= Try it =
Please, from the entries below, transcribe exactly the lines that begin at the line with "For the first" and end at the line with "Ferreira da Silva |", without the pictures.

Extracted information Block Start

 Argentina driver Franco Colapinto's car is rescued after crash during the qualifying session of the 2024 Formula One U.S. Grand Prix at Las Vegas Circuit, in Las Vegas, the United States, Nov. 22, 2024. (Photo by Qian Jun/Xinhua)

Extracted information Block End
Extracted information Block Start

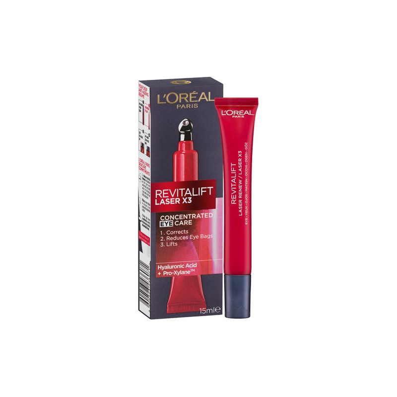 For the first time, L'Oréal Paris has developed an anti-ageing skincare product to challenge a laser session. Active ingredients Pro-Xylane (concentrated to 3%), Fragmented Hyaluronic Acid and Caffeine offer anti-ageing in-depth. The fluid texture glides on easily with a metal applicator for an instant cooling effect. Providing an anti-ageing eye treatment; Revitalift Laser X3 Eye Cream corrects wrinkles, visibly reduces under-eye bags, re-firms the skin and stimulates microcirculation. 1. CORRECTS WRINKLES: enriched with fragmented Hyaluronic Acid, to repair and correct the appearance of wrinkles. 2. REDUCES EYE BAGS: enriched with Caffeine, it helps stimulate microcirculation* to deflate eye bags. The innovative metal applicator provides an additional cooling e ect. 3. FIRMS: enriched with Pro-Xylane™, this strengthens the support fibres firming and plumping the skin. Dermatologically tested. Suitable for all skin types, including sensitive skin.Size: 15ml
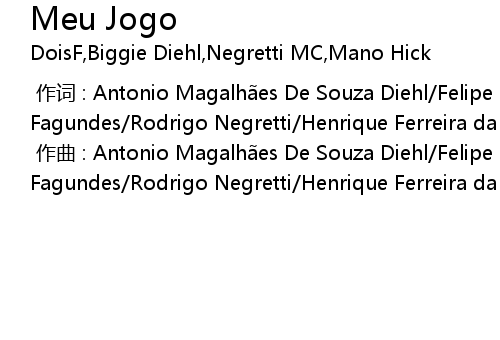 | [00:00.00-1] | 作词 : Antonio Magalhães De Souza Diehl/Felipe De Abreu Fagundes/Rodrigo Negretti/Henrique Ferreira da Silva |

Extracted information Block End

= Task solution =
 For the first time, L'Oréal Paris has developed an anti-ageing skincare product to challenge a laser session. Active ingredients Pro-Xylane (concentrated to 3%), Fragmented Hyaluronic Acid and Caffeine offer anti-ageing in-depth. The fluid texture glides on easily with a metal applicator for an instant cooling effect. Providing an anti-ageing eye treatment; Revitalift Laser X3 Eye Cream corrects wrinkles, visibly reduces under-eye bags, re-firms the skin and stimulates microcirculation. 1. CORRECTS WRINKLES: enriched with fragmented Hyaluronic Acid, to repair and correct the appearance of wrinkles. 2. REDUCES EYE BAGS: enriched with Caffeine, it helps stimulate microcirculation* to deflate eye bags. The innovative metal applicator provides an additional cooling e ect. 3. FIRMS: enriched with Pro-Xylane™, this strengthens the support fibres firming and plumping the skin. Dermatologically tested. Suitable for all skin types, including sensitive skin.Size: 15ml
 | [00:00.00-1] | 作词 : Antonio Magalhães De Souza Diehl/Felipe De Abreu Fagundes/Rodrigo Negretti/Henrique Ferreira da Silva |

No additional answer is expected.